Cyanobacteria: Wonderful Microorganisms for Basic and Applied Research

Abstract

Cyanobacteria, the only prokaryotes to perform photosynthesis, are fascinating organisms. They are regarded as the oldest phylum of bacteria that shaped the oxygenic atmosphere of our planet, and the progenitor of the plant‐chloroplast. Contemporary cyanobacteria colonise most water (fresh, brackish and marine) and soils of our planet, as free‐living or symbiotic organisms, and generate a large part of the oxygen and the biomass for the biosphere. Hence, a few edible cyanobacteria are being tested as a way to replenish O2, provide food and recycle wastes (CO2 and urea) during long‐term space missions. Furthermore, cyanobacteria also synthesise a vast array of biologically active metabolites with great potential for human health and industries. Thus, cyanobacteria constitute promising microbial factories for the production of chemicals from highly abundant natural resources: solar energy, CO2, minerals and waters (even polluted).

Key Concepts

  • Cyanobacteria are ancient organisms.
  • Cyanobacteria are environmentally important organisms.
  • Cyanobacteria produce a huge biomass for the food chain.
  • Cyanobacteria are widely diverse organisms.
  • Cyanobacteria have a versatile metabolism of great biotechnological interest.

Keywords: cyanobacteria; biodiversity; photosynthesis; respiration; nitrogen fixation; cell morphology; cell division; biofuels; bioplastics; therapeutics

Figure 1. Cyanobacteria colonise most ecosystems.
Figure 2. Cyanobacteria display various morphologies and colours, and they can synthesise a wealth of biotechnologically interesting products. The unicellular or filamentous cyanobacteria are displayed in various colours (blue, brown, green or pink) depending on the pigments they naturally produce.
Figure 3. Schematic representation of photosynthesis and carbon assimilation processes.

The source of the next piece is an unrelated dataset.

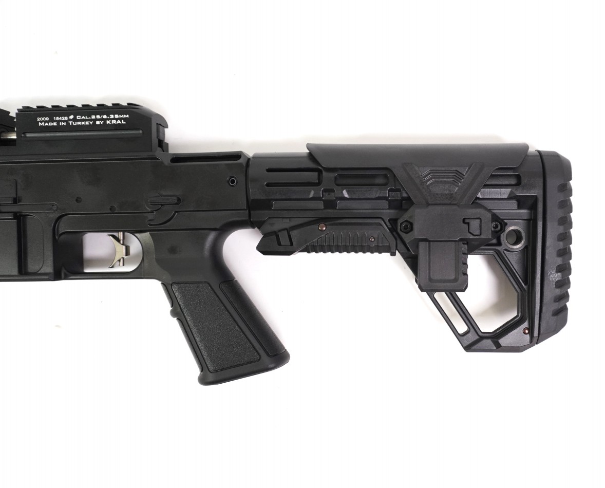 Пневматическая винтовка Kral Puncher Jumbo NP-500 (PCP) 6,35 мм – это модель 2019 года выпуска от турецкого концерна Kral, является одной из популярных вариаций данного типа оружия. Благодаря компактным размерам и улучшенным техническим характеристикам эта модификация завоевала доверие опытных стрелков и начинающих спортсменов. Источником энергии для выстрела является резервуар емкостью 500 кубических сантиметров, наполняемый сжатым воздухом.

N assimilation, nitrogen assimilation; C assimilation, carbon assimilation; ATPase, ATP synthase; BPGA, 1,3‐bisphosphoglycerate; CA, carbonic anhydrase; e, electron; Fdx, ferredoxin; FNR, ferredoxin‐NADP+ reductase; GAPDH, glyceraldehyde‐3‐phospahte dehydrogenase; G3P, glyceraldehyde‐3‐phosphate; H+, proton; 3PGA, 3‐phosphoglycerate; N, nitrogen; NADPH, reduced form of nicotinamide adenine dinucleotide phosphate a reducing agent that provides electrons to a wealth of oxidation‐reduction reactions; PRK, phosphoribulokinase; PSII, photosystem II; PSI, photosystem I; Ru5P, ribulose‐5‐phosphate; RuBP, ribulose‐1,5‐biphosphate; S, sulfur.
Figure 4. Schematic representation of a heterocyst flanked by vegetative cells. This scheme shows the relations between the vegetative cells that perform the O2‐evolving photosynthesis and the heterocysts that carries out N2 fixation. CBC, Calvin–Benson cycle; CM, cytoplasmic membrane (orange line); HEP, heterocyst envelope polysaccharide layer (grey shading); HGL, heterocyst glycolipid layer (yellow line); OM, outer membrane; Nase, nitrogenase; PG, peptidoglycan layer; PS, photosynthesis.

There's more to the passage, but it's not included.